A Python library for probabilistic analysis of single-cell omics data

To the Editor — Methods for analyzing single-cell data^1,2,3,4 perform a core set of computational tasks. These tasks include dimensionality reduction, cell clustering, cell-state annotation, removal of unwanted variation, analysis of differential expression, identification of spatial patterns of gene expression, and joint analysis of multi-modal omics data. Many of these methods rely on likelihood-based models to represent variation in the data; we refer to these as ‘probabilistic models’. Probabilistic models provide principled ways to capture uncertainty in biological systems and are convenient for decomposing the many sources of variation that give rise to omics data⁵.

Despite the appeal of probabilistic models, several obstacles impede their community-wide adoption.

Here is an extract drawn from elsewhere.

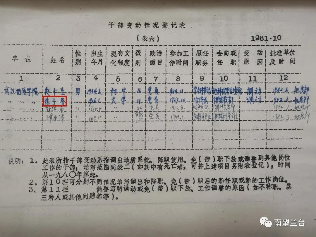 1980年6月,为加强武汉地院党委的领导,开创安定团结的政治局面,地质部党组决定并征得湖北省委同意后,特委派北京地质学院创校元勋、时任地质部教育司副司长的陈子谷下沉到武汉地质学院参加院党委工作,担任武汉地院副院长,统一认识,安稳人心,团结师生,力争把武汉地质学院办成名副其实的全国重点大学。

The first obstacle, coming from the perspective of the end user, relates to the difficulty of implementing and running such models. Because probabilistic models are often implemented using Python machine-learning libraries, users are often required to interact with interfaces and objects that are lower level in nature than those used in popular environments for single-cell data analysis like Bioconductor⁶, Seurat⁷ or Scanpy⁸.

A second obstacle relates to the development of new probabilistic models. From the perspective of developers, there are many necessary routines to implement in support of a probabilistic model, including data handling, tensor computations, training routines that handle device management (for example, GPU (graphic processing unit) computing), and the underlying optimization, sampling and numerical procedures. Although higher level machine-learning packages that automate some of these routines (for example, PyTorch Lightning⁹ or Keras¹⁰) are becoming popular, they do not work seamlessly with single-cell omics data.

To address these limitations, we present scvi-tools (https://scvi-tools.org/), a Python library for deep probabilistic analysis of single-cell omics data. From the end user’s perspective (Supplementary Note 1), scvi-tools offers standardized access to methods for many single-cell data analysis tasks, such as integration of single-cell RNA sequencing (scRNA-seq) data (scVI¹¹ or scArches¹²), annotation of single-cell profiles (CellAssign¹³ or scANVI¹⁴), deconvolution of bulk spatial transcriptomics profiles (Stereoscope¹⁵ or DestVI¹⁶), doublet detection (Solo¹⁷) and multi-modal analysis of CITE-seq (cellular indexing of transcriptomes and epitopes by sequencing) data (totalVI¹⁸).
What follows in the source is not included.